Her last known ART regimen consisted of abacavir (ABC) + lamivudine (3TC) + ritonavir-boosted atazanavir (ATV/r). The patient relocated to South Africa during 2018 where she presented to a local primary healthcare facility and was continued on this ART regimen. Unfortunately no medication history or laboratory records prior to 2018 were available.
She previously reported significant
adherence difficulties indicating that she was taking her medication less than
60% of the time that she related to her not having disclosed her HIV status to
her life-partner. Since June 2021, she self-reported 100% adherence to ART despite
still not having disclosed her HIV status to her life-partner. Her HIV-1 RNA
copies/mL results and other relevant results are shown in Table 1.

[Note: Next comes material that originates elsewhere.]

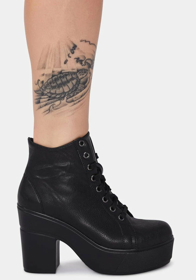 it’s the weekend, YOLO! These ankle boots have front lace up closures N’ stacked soles.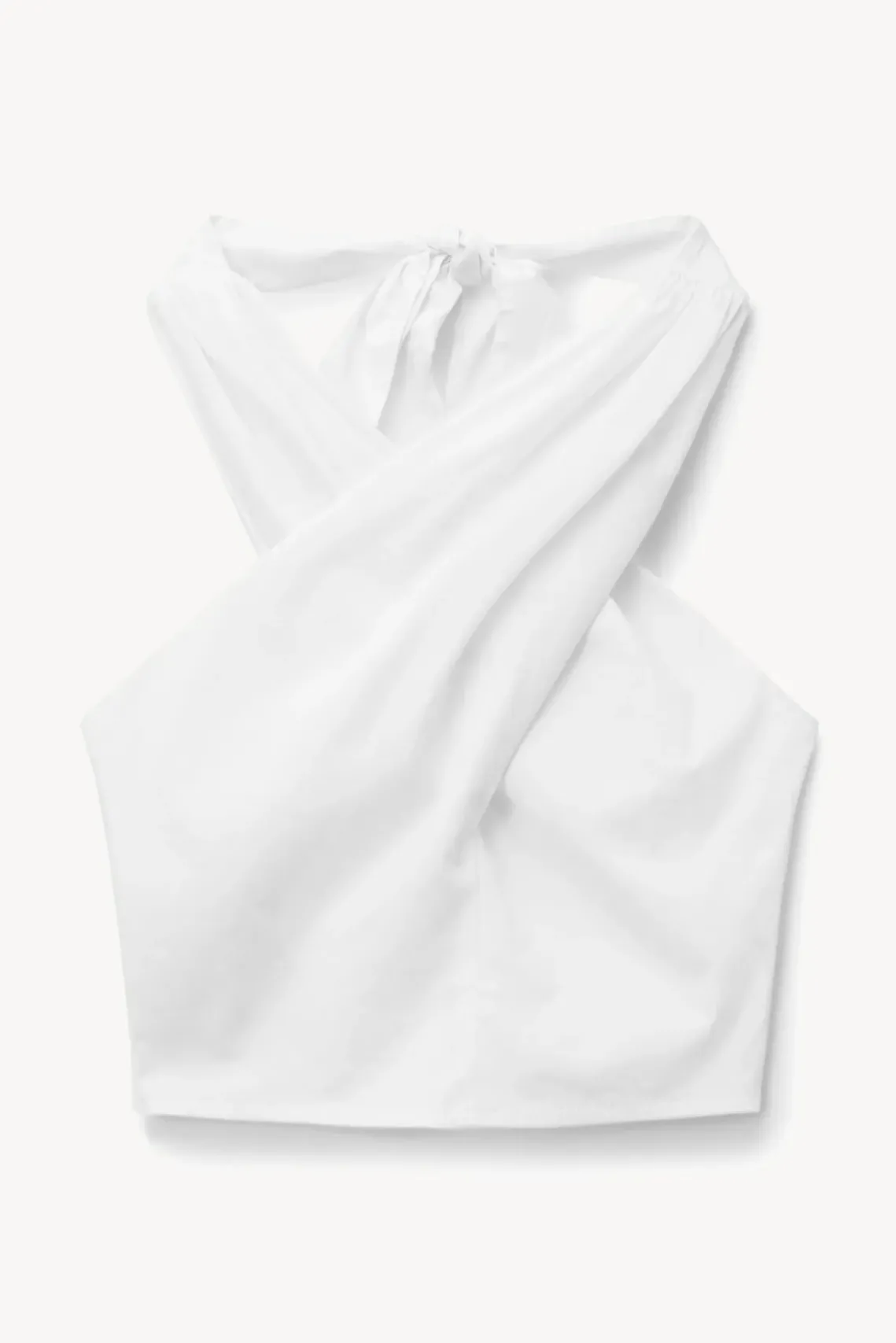 The Kai Top is a cropped fitted halter top made out of cotton poplin. This style features a hidden zipper closure at the side.

ABC, abacavir; 3TC, lamivudine; ATV/r, atazanavir/ritonavir
The persistently unsuppressed HIV viral load in this patient may have been due to poor adherence to her ART regimen, resistance to one or more of the ARV drugs in her treatment regimen, or, most likely, a combination of both factors. Undiagnosed opportunistic infections may also contribute to an unsuppressed HIV viral load but there was no evidence of this in this patient.
She had genotypic HIV-1 drug resistance testing performed on
16/7/2021 during her 3rd trimester of pregnancy which revealed extensive
drug resistance mutations in both the reverse transcriptase and protease genes.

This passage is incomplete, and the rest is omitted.